Sir Frederick and two leading members of the Western Australian legislature travelled to England in December 1889 to give evidence before a select committee of the House of Commons, to which, early in the session of 1890, the Constitution Bill was referred. Much to the surprise of the London press, the committee reported in favour of the bill and of the transfer of all lands to the colony.
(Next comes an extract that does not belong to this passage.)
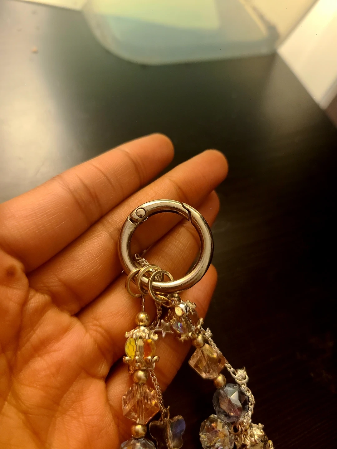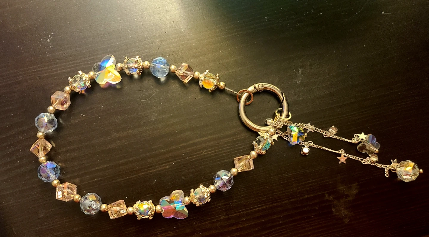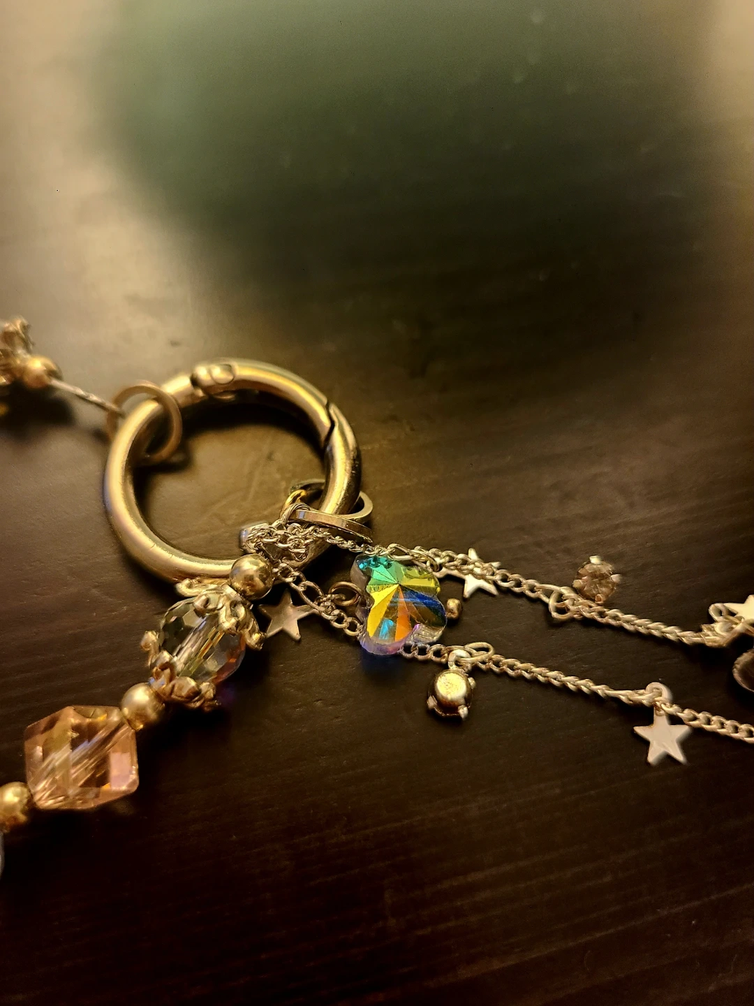 This sparkly keychain features a colourful butterfly charm and assorted crystal beads. It also has dangling chains with star charms. It's great for adding some flair to your keys, phone, or bag!
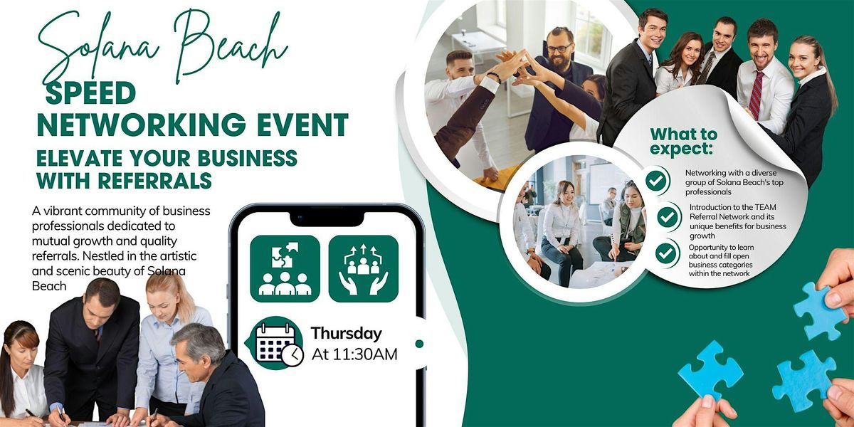 Discover the power of networking in Solana Beach with the TEAM Referral Network, a vibrant community of business professionals dedicated to mutual growth and quality referrals. Nestled in the artistic and scenic beauty of Solana Beach, this event invites entrepreneurs and business owners from a variety of fields—including health and wellness, real estate, legal services, and more—to connect, collaborate, and expand their reach.

Consequently, the British Parliament passed a bill for the whole of the lands of the vast territory—1,060,000 square miles—to be freely handed over to the legislature of Western Australia, which thus obtained its new constitution on the same basis as the other colonies of the continent, there being no opposition to the bill in the House of Lords. Broome finally left Western Australia in December 1889, on a mission to England in connection with the Constitution Bill, and his tenure as governor ended in September 1890. One source states "Disputes with his senior officials tarnished Broome's reputation in the Colonial Office.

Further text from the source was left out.